# Picky Pomeranian..? Need food help!



## Valentino (Oct 13, 2008)

I have a one year old pomeranian who is a picky eater. When I first got Jackie, my dog, he was on Ceasers but I learned that they weren't that healthy so I switched him off. Currently I have Jackie on a mix of half wet and half dry. The first type of canned food I got was Homestyle by NaturesVariety and he hated it. He would wait until he was absolutely hungry to eat it! So after spending a few weeks trying Homestyle, I decided to try another type of canned food. I went out and bought another really healthy choice, Merricks brand dog food. He still won't touch it.

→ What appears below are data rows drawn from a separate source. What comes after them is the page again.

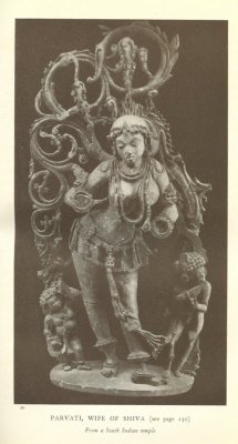 Sati was reborn as Uma, "Light", the impersonation of divine wisdom; as Amvika the same goddess was a sister of Rudra, or his female counterpart, Rudra taking the place of Purusha, the first man. Par´vati was another form of the many-sided goddess. Shiva taunted her for being black, and she went away for a time and engaged in austerities, with the result that she assumed a golden complexion.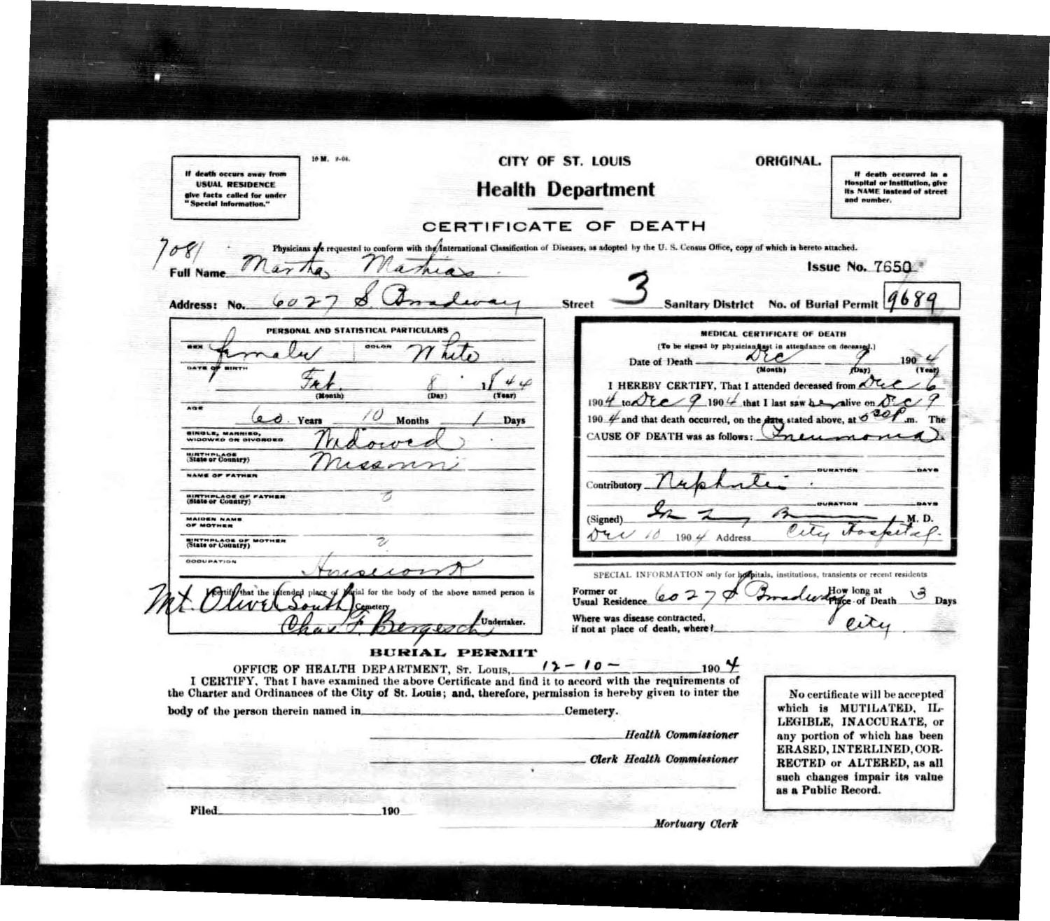 December 1904 in Lemay, Missouri; Mount Olive Catholic Cemetery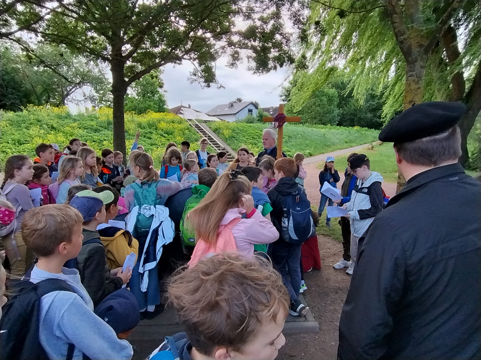 Am 06.06.25 fand unser erstes Projekt in Kooperation mit der Pfarrei St. Joseph statt: ein gemeinsamer Pilgertag. Nach einem Gottesdienst in der katholischen Kirche um 8.15 Uhr mit dem Impuls „Sorgt euch nicht!“ starteten wir unsere Tour mit etwas zeitlicher Verzögerung aufgrund des unbeständigen Wetters. Doch ab dann hatten wir Glück: Das Wetter hielt, immer wieder ließ sich auch die Sonne durch die Wolken blicken. Unterwegs hielt die Gruppe an verschiedenen Stationen, die vom Vorbereitungsteam sorgfältig ausgewählt und auf das Thema „Gottes wunderbare, bunte Schöpfung“ abgestimmt waren. Die Kinder bekamen ein Pilgerbüchlein mit Aufgaben, die sie erfüllen sollten. Es wurden gemeinsam Lieder mit Gitarrenbegleitung gesungen und Dankes-Sätze notiert. Ein besonderer Moment war das Nutria, das sich für eventuelle Essensreste in unseren Rucksäcken interessierte und sehr neugierig und dazu wenig menschenscheu war.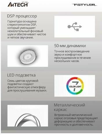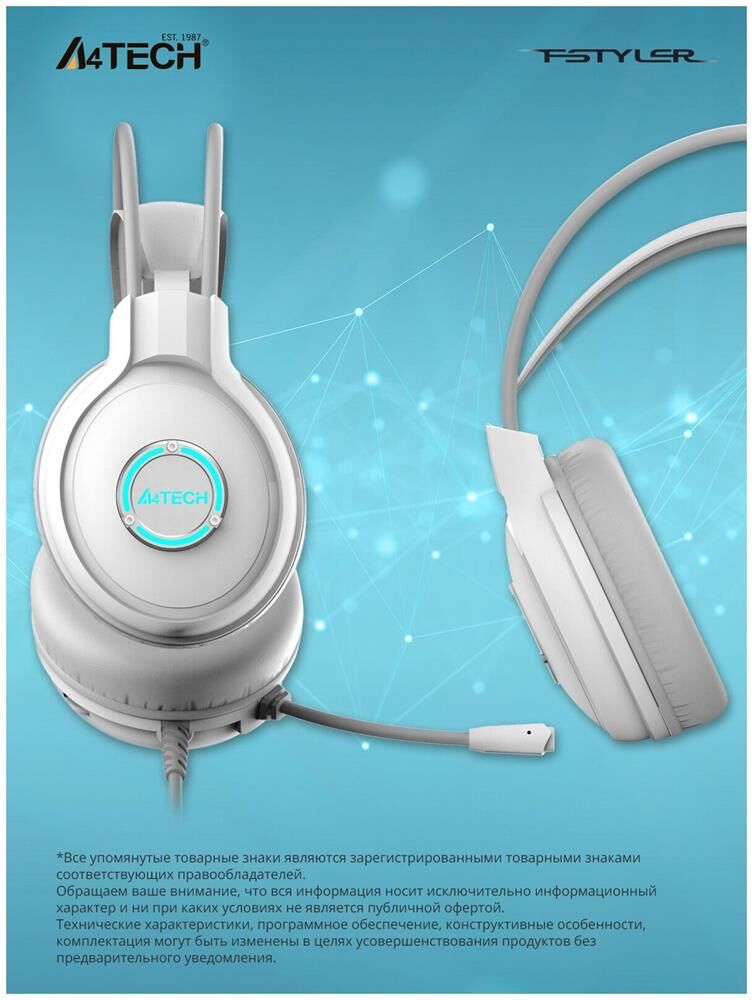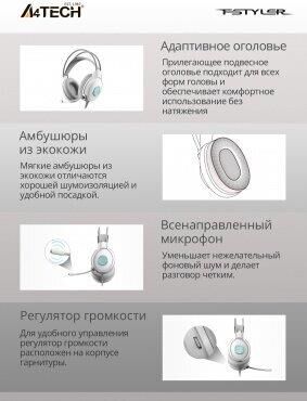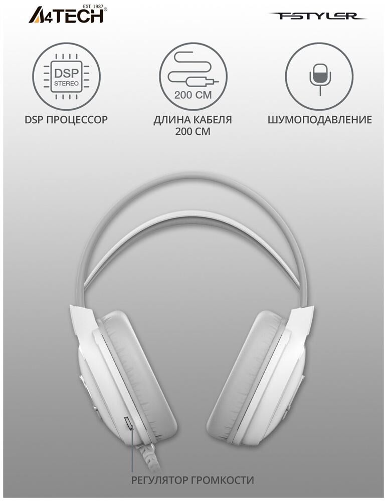 Наушники A4TECH Fstyler FH300U белый 2м мониторные USB оголовье (FH300U WHITE)

What should I do? I don't want to give him cheap crap like Ceasers because I want to take pride in feeding him healthy balance, but hes making it so impossibe..


----------



## Bellasmom (Aug 14, 2008)

Sometimes we can try all the "best foods" there are and our dogs wont eat them no matter how long we hold out. I would say go with what is best for you and your dog. Not for what you think others think is best for him. There are things much worse than Ceasars out there.


----------



## skelaki (Nov 9, 2006)

Picky eaters are made by people giving in and catering to their dog's whims. You decide on what you want to feed him whether it be Caesars, Merrick or some other food. Then you put the dish down for a limited time, say 20 minutes, at meal time. If he doesn't eat it, pick it up (refrigerate if you're feeding wet food of any type) and he waits until the next scheduled meal before he gets the chance to eat again (and, no yummy snacks between meals). Then put the same food down again for the same amount of time. Repeat until he learns that he'd better eat what you serve when it's served.

Since youve been catering to him to some extent, expect him to try and wait you out, Just tough it out. A healthy dog will not starve itself despite what he may want you to think. Dogs can out drama queen/king teenage girls any day of the week. LOL


----------